### Collected material
#####

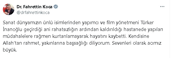 Bakan Koca: Yapımcı ve film yönetmeni Türker İnanoğlu hayatını kaybetti
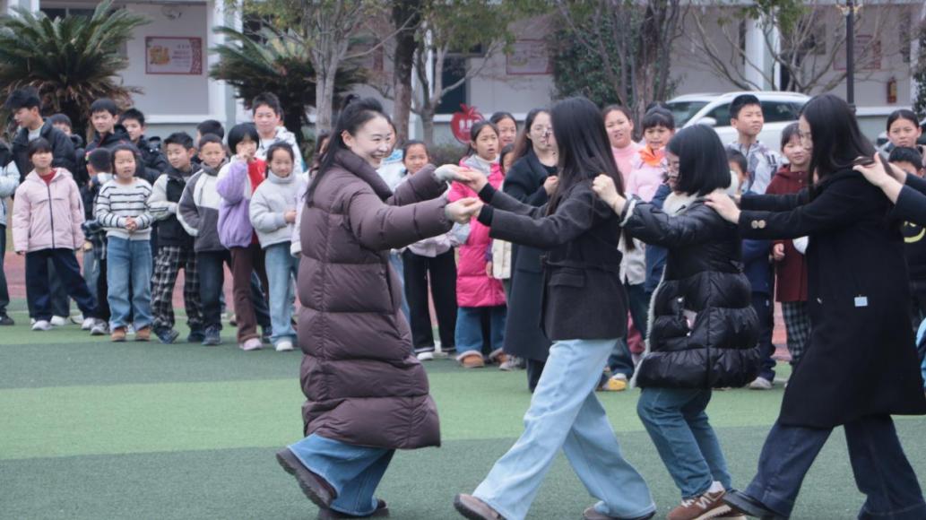 “力拔山河”拔河赛中,各年级组齐心协力,呐喊助威声此起彼伏;舞蹈环节,老师们手牵手随乐起舞,尽显活力;套圈游戏区欢声不断,现场洋溢着轻松愉悦的氛围。
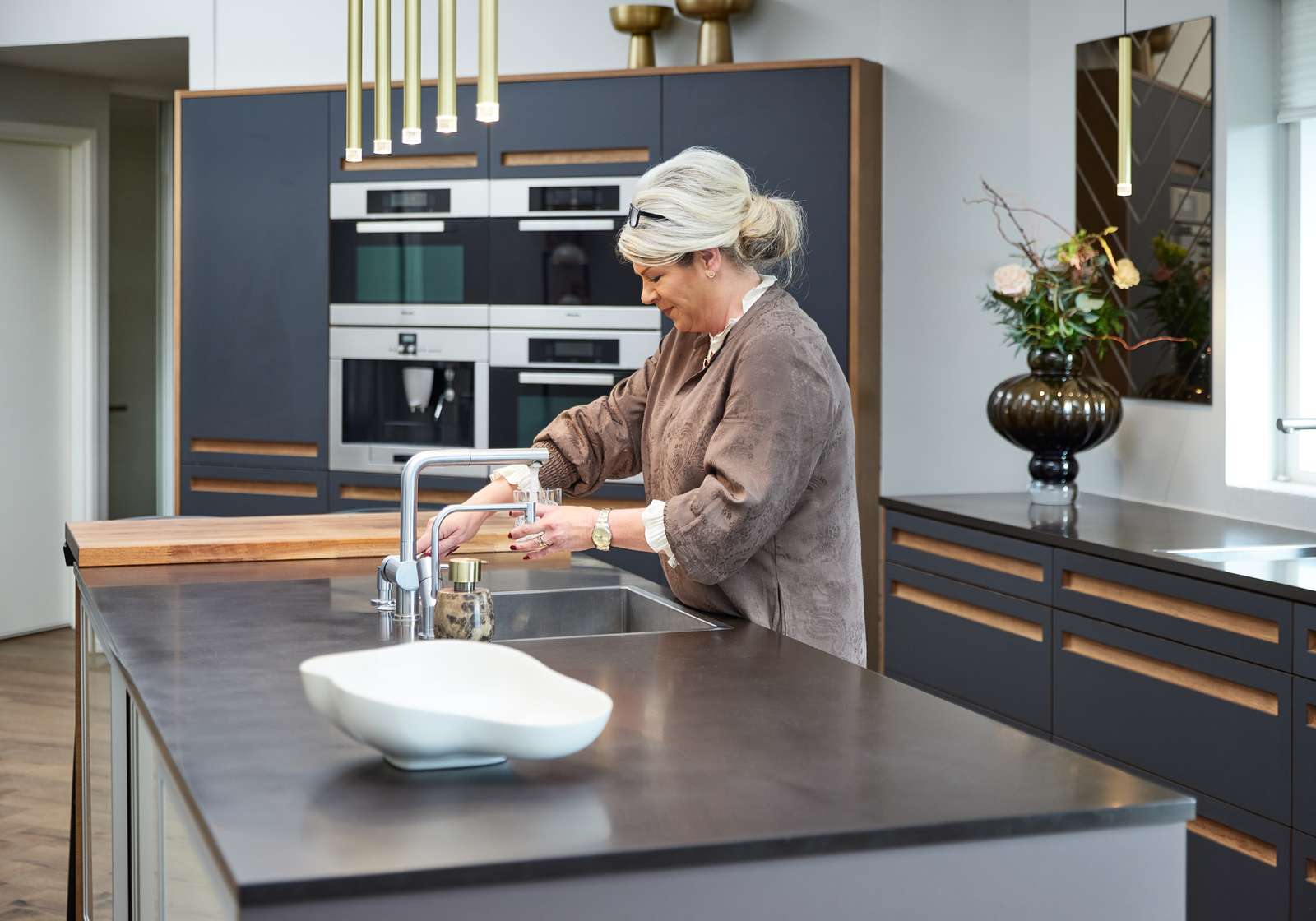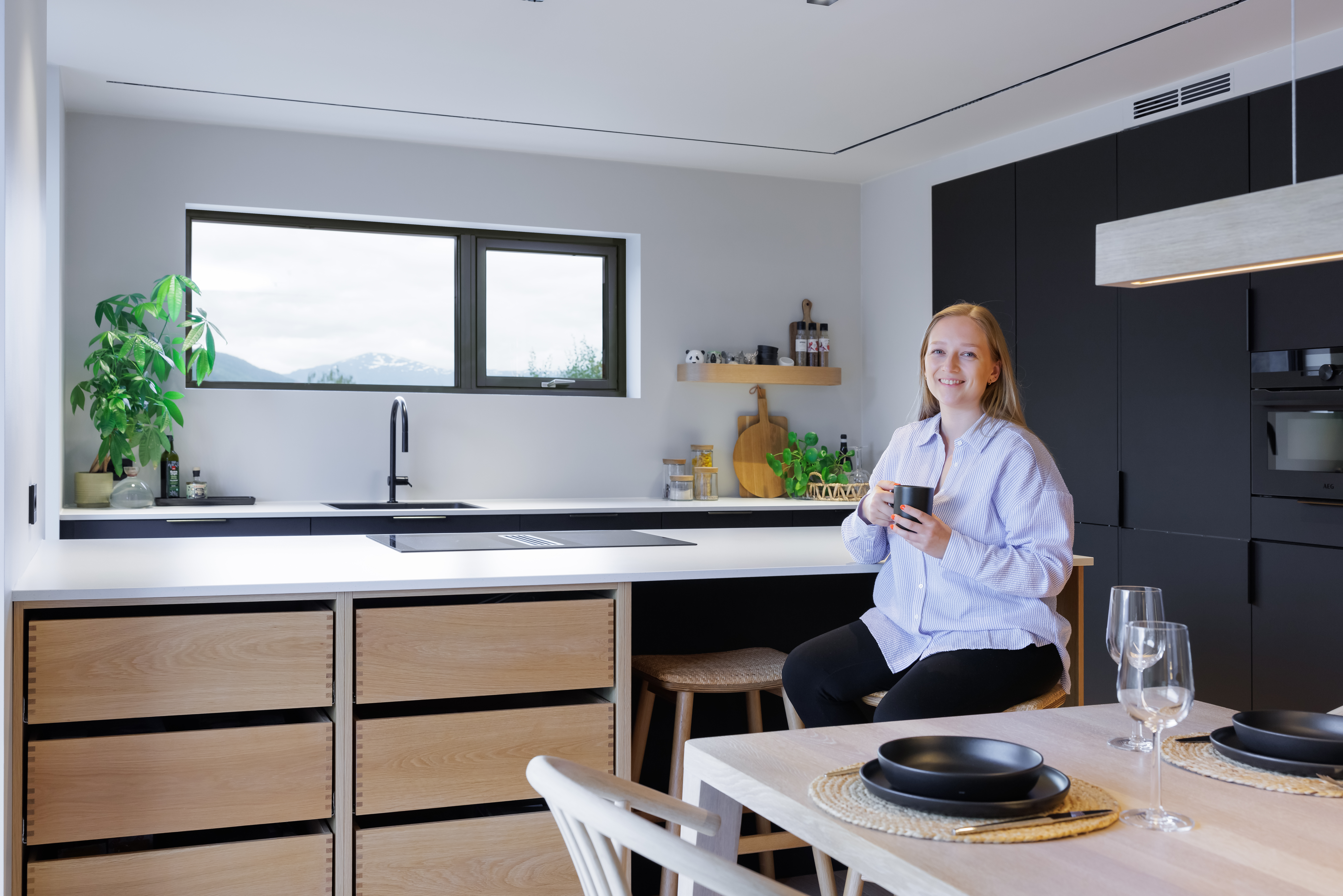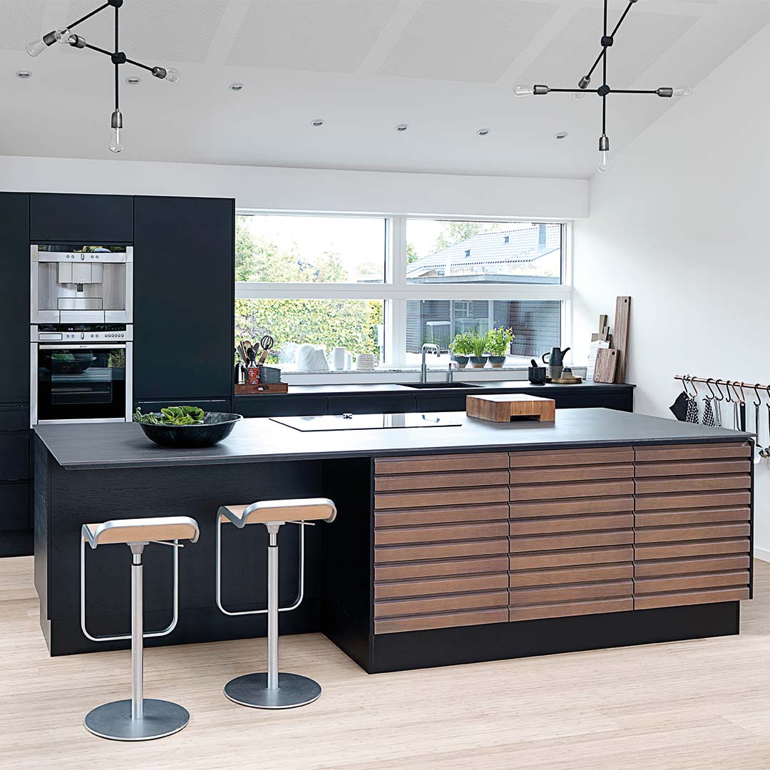 I dette smukke køkken kommer snedkerkvaliteten virkelig til sin ret med kombinationen af Nordic Modern og Nordic Craft. Det sorte skaber en moderne og stilren æstetik, mens de mere robuste egetræselementer tilføjer en følelse af godt håndværk og tidløshed.
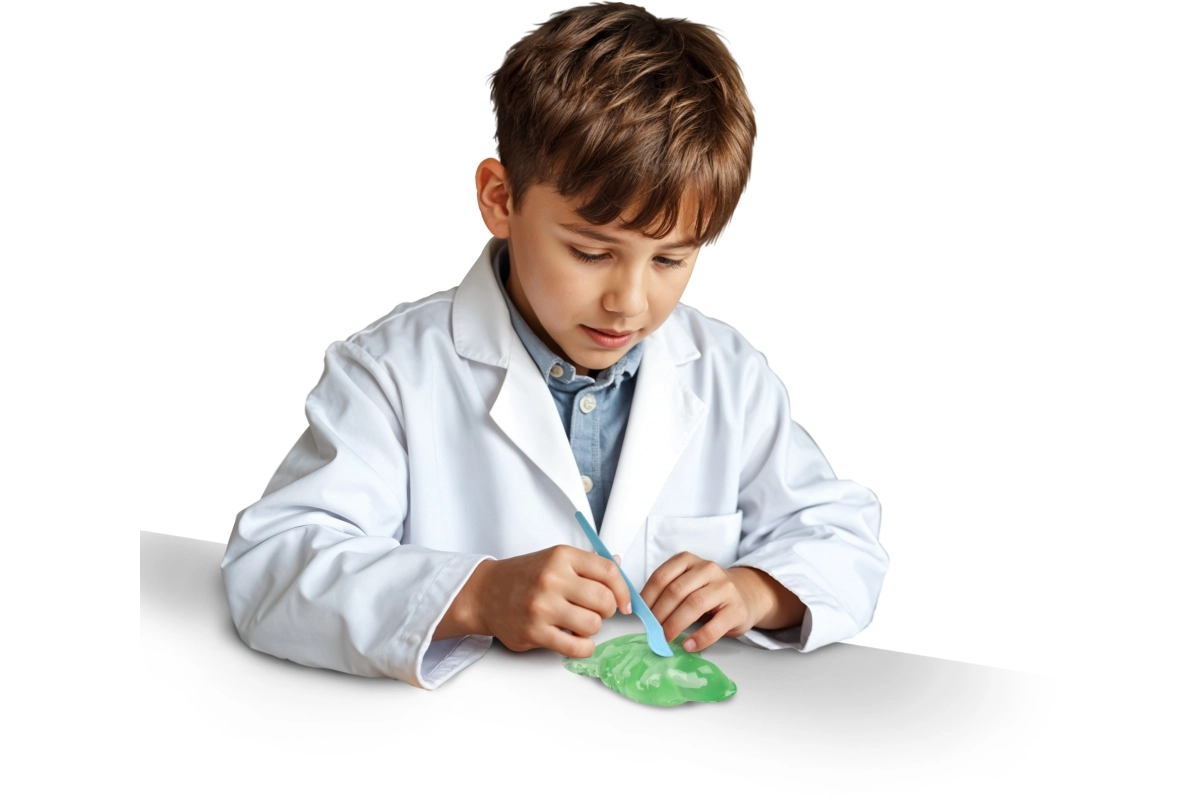 Weicher Schleim fördert Feinmotorik, Kreativität und sensorische Wahrnehmung. Kinder können den Schleim drücken, ziehen und in lustige Motive formen.

#####

### Task to complete
Could you transcribe all of the data exactly, keeping every picture out of the copy?

### Task output
 Bakan Koca: Yapımcı ve film yönetmeni Türker İnanoğlu hayatını kaybetti
 “力拔山河”拔河赛中,各年级组齐心协力,呐喊助威声此起彼伏;舞蹈环节,老师们手牵手随乐起舞,尽显活力;套圈游戏区欢声不断,现场洋溢着轻松愉悦的氛围。
 I dette smukke køkken kommer snedkerkvaliteten virkelig til sin ret med kombinationen af Nordic Modern og Nordic Craft. Det sorte skaber en moderne og stilren æstetik, mens de mere robuste egetræselementer tilføjer en følelse af godt håndværk og tidløshed.
 Weicher Schleim fördert Feinmotorik, Kreativität und sensorische Wahrnehmung. Kinder können den Schleim drücken, ziehen und in lustige Motive formen.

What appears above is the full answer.